Con il pezzo di apertura Are you ready?, primo singolo estratto dall’album e fatto uscire diverso tempo prima dello stesso, Ashcroft sembra quasi domandarci se siamo pronti per quello che di nuovo ha da proporci; il pezzo, sebbene non spicchi per originalità, riprende chiaramente quanto lasciato in sospeso con le sue esperienze passate e, quindi, si addice perfettamente al suo stile e alla sua voce che è pur sempre bello poter risentire. Nel finale trova spazio un lungo (occupa praticamente gli ultimi 2 minuti) assolo di chitarra, molto poco british, che però non stona eccessivamente nel contesto, anche se trascina il brano ad una durata di oltre 6 minuti e mezzo, caratteristsica anch’essa poco in linea con le tendenze odierne fatte prevalentemente di brani concisi ed essenziali, tenendo anche conto che si tratta del brano di apertura. Segue Born Again, il secondo singolo estratto, con un altro titolo forse non messo a caso, con il quale Richard pare volerci sottolineare la sua rinascita, il suo ritorno. Pezzo tutto sommato orecchiabile, anch’esso infarcito di schitarrate, anche se alla lunga molto ripetitivo. La successiva America, conferma (ancora una volta anche nel titolo) l’allontamento dalla tradizione puramente british a cui si è abituati visto il personaggio in questione, verso uno stile in cui si mischiano sonorità differenti, che qui arrivano quasi a sconfinare nel R’n’B; il risultato è abbastanza convincente e questa traccia è quella che per prima fa venire voglia di essere riascoltata. Le soluzioni proposte nel disco spaziano comunque molto e, se in This Thing Called Life si ritorna a ritmi più soft da canzone pop, con Beatitudes mr. Ashcroft si improvvisa quasi rapper su un pezzo dai battiti decisi e dall’impianto ben costruito, con la solita chitarra che svaria libera a recitare la sua parte; una parte che, a questo punto, si può definire fortemente voluta e la cui presenza rappresenta in pratica la caratteristica più evidente del disco.
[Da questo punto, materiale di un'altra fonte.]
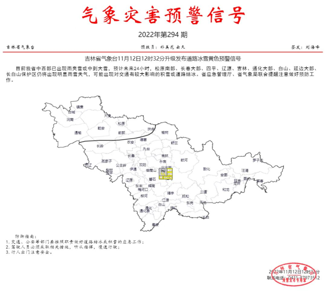 道路冰雪黄色预警
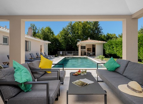 Die Wohnung befindet sich in einer schönen neuen Villa, die ihren Gästen eine schöne Liegewiese und einen Swimmingpool mit Liegestühlen bietet.

Good Lovin è un netto ritorno allo stile tipico dei suoi lavori precedenti e, se pur apprezzabile, anche se ancora una volta un po’ piatta, ha quindi il difetto di suonare come qualcosa di estremamente già sentito.
La seconda metà del disco continua tra tentativi di sperimentazione di strade alternative, come How Deep Is Your Man, uno pseudo-blues dal suono un po’ retrò che lascia il tempo che trova, e pezzi che più ritornano sui binari del brit-pop, come la melodica She Brings Me The Music dal finale spumeggiante, in cui la voce di Ashcroft sembra ancora vicina a quella dei tempi d’oro. L’assenza di idee significative però si fa sempre più sentire man mano che ci si avvicina alla fine del disco e gli episodi successivi, Royal Highness e Glory, sebbene presi singolarmente non demeritino eccessivamente e, anzi, possano essere etichettati come dei buoni pezzi, paiono però delle ripetizioni di quanto, in un modo o nell’altro, già fatto sentire nel corso del disco e, arrivando dopo già quasi 40 minuti di ascolto , finiscono col non venire particolarmente apprezzate se non addirittura risultare superflue. Prima della convincente chiusura con Let My Soul Rest, pezzo ben arrangiato che riesce a creare la giusta atmosfera richiesta ad un brano col compito di far calare il sipario sull’album, c’è ancora lo spazio per toccare il punto più basso del disco con la davvero bruttina, a discapito del titolo solare, Life Can Be So Beautiful.
Un ritorno quindi, quello di mr. Ashcroft, che non ripaga appieno le attese, forse anche per l’elevato livello al quale erano attestate, visto quello che ha saputo regalare in passato. Il disco infatti, a parte pochi pezzi buoni per essere inseriti in qualche playlist da viaggio del momento, dopo i primi dovuti ascolti, difficilmente riesce a far venire voglia di rimetterlo nel lettore per un riascolto completo. Peccato.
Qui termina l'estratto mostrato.